Directions for this task ->
Extract the opening line of the entries and every line after it, stopping at and including the line that contains "WHS of Nsunyu Village (Batch-I)". Do not include pictures.

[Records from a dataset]
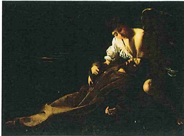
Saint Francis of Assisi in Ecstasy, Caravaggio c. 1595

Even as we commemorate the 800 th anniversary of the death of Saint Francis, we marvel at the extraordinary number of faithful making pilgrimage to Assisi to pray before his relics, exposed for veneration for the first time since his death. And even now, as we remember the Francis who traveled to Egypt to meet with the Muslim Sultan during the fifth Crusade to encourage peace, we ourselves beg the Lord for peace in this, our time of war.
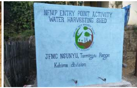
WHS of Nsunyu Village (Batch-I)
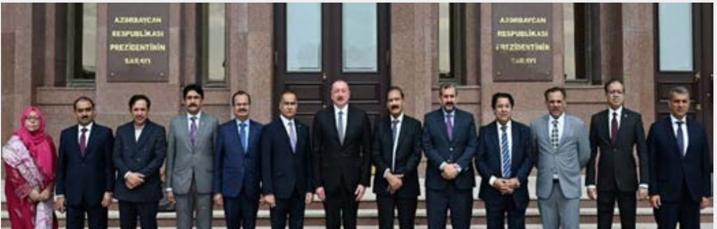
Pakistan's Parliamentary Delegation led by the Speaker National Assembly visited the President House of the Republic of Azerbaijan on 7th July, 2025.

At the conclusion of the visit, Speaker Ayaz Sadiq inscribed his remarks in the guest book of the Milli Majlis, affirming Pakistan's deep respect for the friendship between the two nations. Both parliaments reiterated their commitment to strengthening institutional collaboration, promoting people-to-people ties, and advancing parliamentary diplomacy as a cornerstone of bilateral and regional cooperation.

Result of the exercise ->
Saint Francis of Assisi in Ecstasy, Caravaggio c. 1595

Even as we commemorate the 800 th anniversary of the death of Saint Francis, we marvel at the extraordinary number of faithful making pilgrimage to Assisi to pray before his relics, exposed for veneration for the first time since his death. And even now, as we remember the Francis who traveled to Egypt to meet with the Muslim Sultan during the fifth Crusade to encourage peace, we ourselves beg the Lord for peace in this, our time of war.
WHS of Nsunyu Village (Batch-I)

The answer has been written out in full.